Even from before COVID-19 there has been another kind of pandemic raging: loneliness. This is ironic; we are arguably the most connected generation! Yet there are scores of people who don’t feel connected to anyone. They’re lonely. Chances are there are some of you, listening to this, who feel so right now.
This is a vast and varied topic. You can be lonely in so many different ways and for so many reasons. Just in my preparation, I have read passages from Scripture which highlight the following reasons why you may feel lonely: sin, remorse, disease, insomnia, depression, poverty, old age, dying and the approach of death, lack of friends, social ostracism, public shame, desertion, loss of family, loss of identity, discontent and disability... And I’m not suggesting this is an exhaustive list.

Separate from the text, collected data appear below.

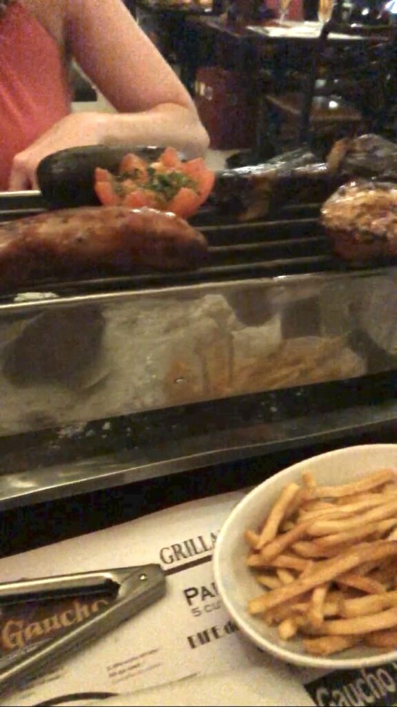 For our last dinner in Aruba, we ate at El Guacho Steakhouse. This Argentinian style steakhouse was so good. It was located a short walk away from the resort through the town. My husband is a huge meat fan, so he was in absolute heaven. When they brought out our food, they placed a small little grill on the table with the meats on top. My husbands eyes lit up.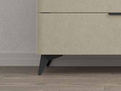 Высокие черные металлические ножки придают комоду не только устойчивость, но и особую выразительность. Этот элемент дизайна подчеркивает современный стиль мебели, добавляя ей элегантность.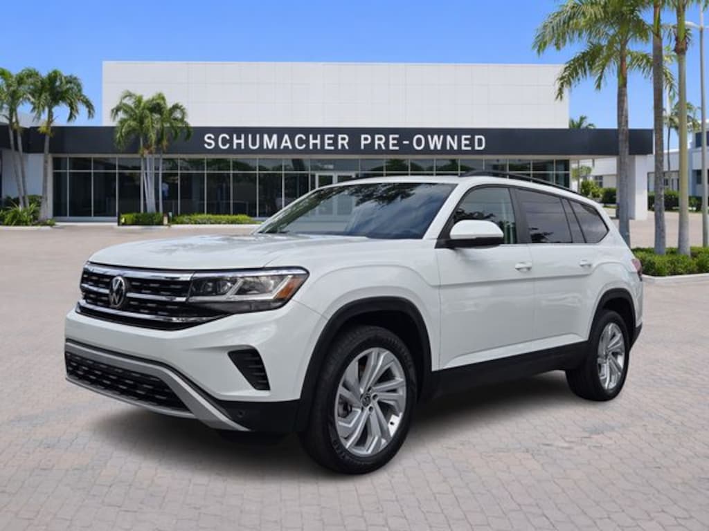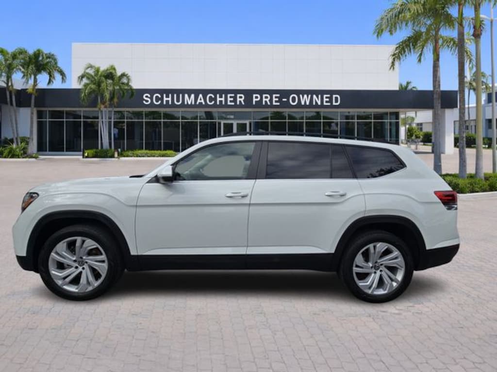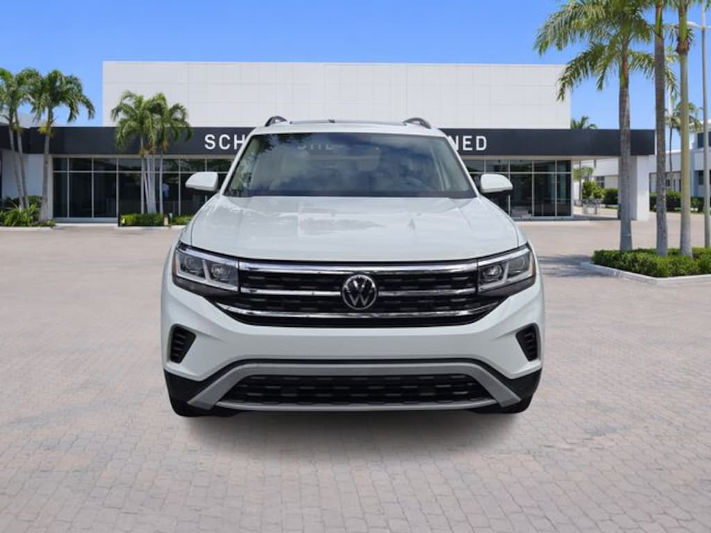 2023 Volkswagen Atlas 2.0T SE w/Technology Pure White CARFAX One-Owner. Certified. FWD 8-Speed Automatic with Tiptronic 2.0L TSI **VW CERTIFIED**, Atlas 2.0T SE w/Technology, 4D Sport Utility, 2.0L TSI, 8-Speed Automatic with Tiptronic, FWD, Pure White, Shetland Beige Premium Synthetic, 3.60 Axle Ratio, 3rd row seats: split-bench, 4-Wheel Disc Brakes, 6 Speakers, ABS brakes, Air Conditioning, Alloy wheels, AM/FM radio: SiriusXM with 360L, Auto-Dimming Rear-View Mirror, Auto-dimming Rear-View mirror, Automatic temperature control, Brake assist, Bumpers: body-color, Carpeted Mats - Bench Seats, Carpeted Mats Kit - Bench Seat, Compass, Delay-off headlights, Driver door bin, Driver vanity mirror, Dual front impact airbags, Dual front side impact airbags, Electronic Stability Control, Emergency communication system: VW Car-Net Safe & Secure 5-year, Exterior Parking Camera Rear, First Aid Kit, Four wheel independent suspension, Front anti-roll bar, Front Bucket Seats, Front Center Armrest, Front dual zone A/C, Front fog lights, Front reading lights, Fully automatic headlights, Heated Comfort Front Bucket Seats, Heated door mirrors, Heated front seats, Heavy Duty Trunk Liner w/VW CarGo Blocks, Illuminated entry, Leather Shift Knob, Low tire pressure warning, Occupant sensing airbag, Outside temperature display, Overhead airbag, Overhead console, Panic alarm, Panoramic Sunroof Package, Passenger door bin, Passenger vanity mirror, Perforated V-Tex Leatherette Seating Surfaces, Power door mirrors, Power driver seat, Power Liftgate, Power steering, Power Tilting & Sliding Panoramic Sunroof, Power windows, Privacy Cover, Radio data system, Radio: MIB3 Composition Media w/8" Touchscreen, Rain sensing wipers, Rear air conditioning, Rear anti-roll bar, Rear reading lights, Rear seat center armrest, Rear window defroster, Rear window wiper, Remote keyless entry, Roadside Assistance Kit, Security system, Speed control, Speed-sensing steering, Split folding rear seat, Spoiler, Standard Suspension, Steering wheel mounted audio controls, Tachometer, Telescoping steering wheel, Tilt steering wheel, Traction control, Trip computer, Turn signal indicator mirrors, Variably intermittent wipers, VW Car-Net Safe & Secure 5-Year Plan, Wheels: 20" x 8J 5-Spoke Silver Painted Alloy.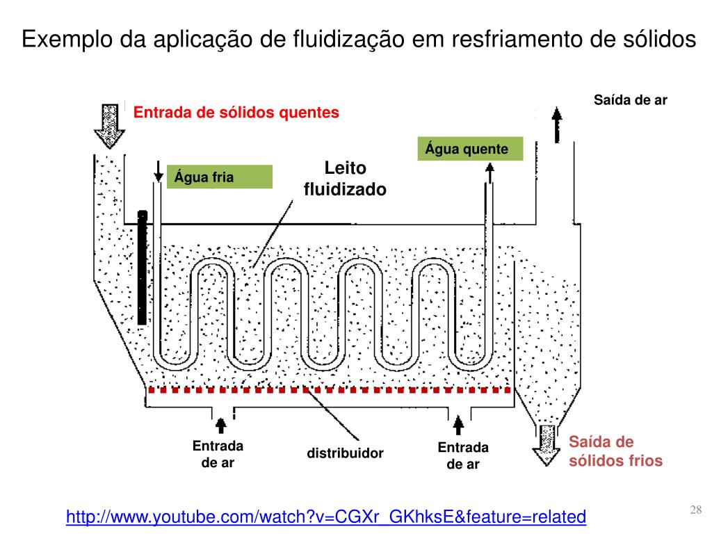 Exemplo da aplicação de fluidização em resfriamento de sólidos Saída de ar Entrada de sólidos quentes Água quente Leito fluidizado Água fria Saída de sólidos frios Entrada de ar Entrada de ar distribuidor http://www.youtube.com/watch?v=CGXr_GKhksE&feature=related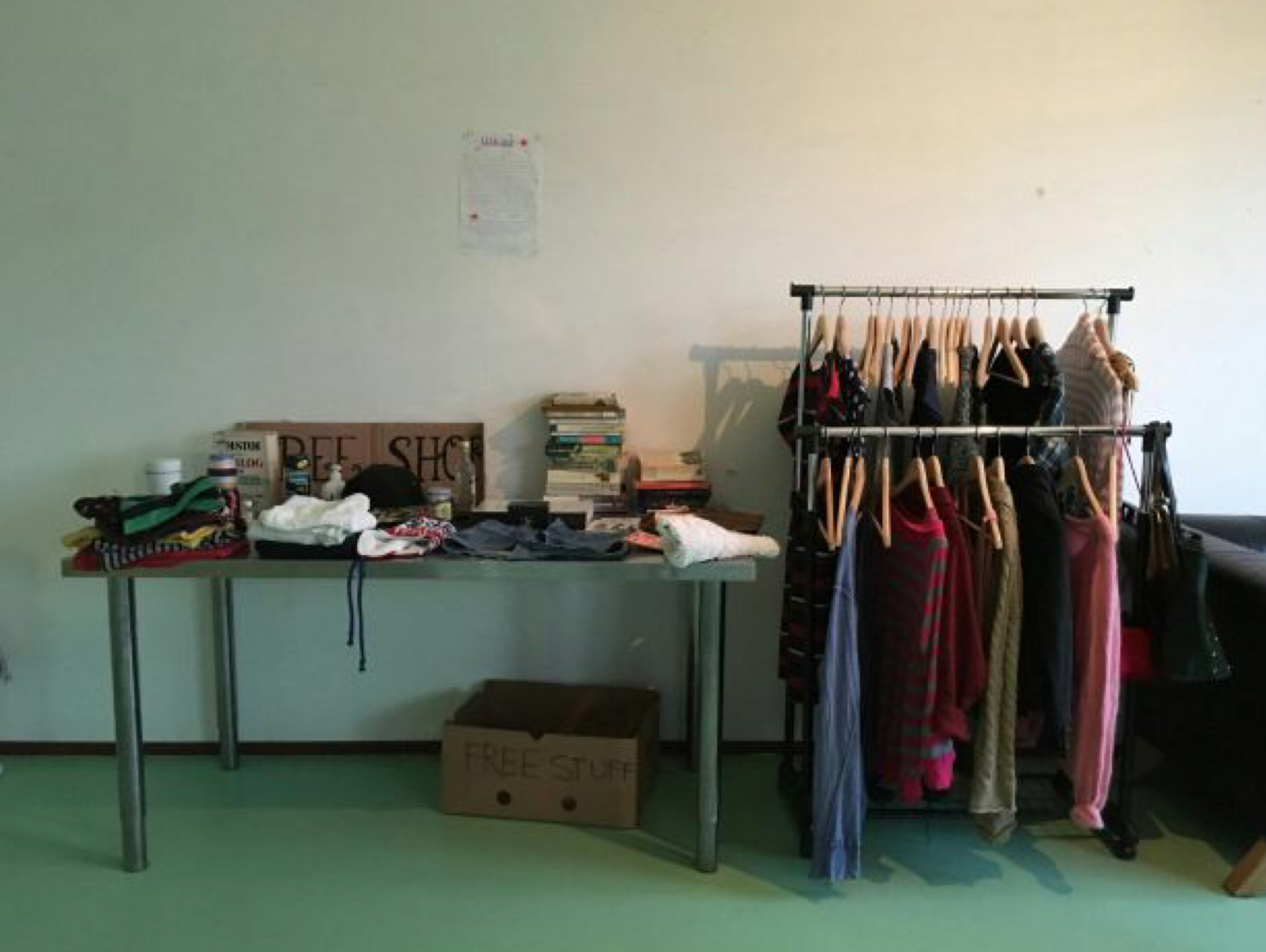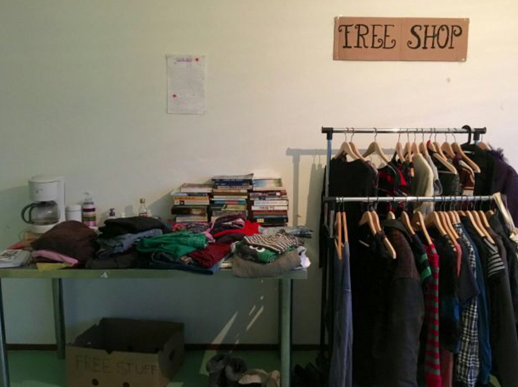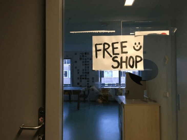 The free shop is open 24/7 and is located on the fourth floor of the first dorm building in room 732 (above the kindergarten). Geelen received an approval from the string and said it was the perfect room because it wasn’t being used by the campus committees.

Here is the plan: the Bible teaches us of the root of all of this, and I would like to deal with that root today. I will also detail certain things you and we as a church can and should be doing to help whatever kind of loneliness it is you are facing. But beyond that, as your Pastor, I am placed here “for your progress and joy in the faith”, to allude to what Paul said in Philippians 1:25. So when it comes to specifics, I would love to talk to you in person, hear you out, and pray with you. Treat this sermon as foundational for all of that, for all of our thinking.

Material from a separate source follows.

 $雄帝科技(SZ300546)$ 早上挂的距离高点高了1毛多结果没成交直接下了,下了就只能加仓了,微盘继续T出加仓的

Let’s read Genesis 2:4-25.

Main Course

Creation

We were made for relationship with God
Look especially at v7-8; the first man was made by God, and was given life by God. We also see here that the LORD God placed him in the Garden of Eden. The text is full of clues that communicate that this place was like the first temple: the place where God would live with man. I can’t go into all the details to support this now, but perhaps it helps to note that in Ezekiel 28:13 this place is referred to as “the garden of God”.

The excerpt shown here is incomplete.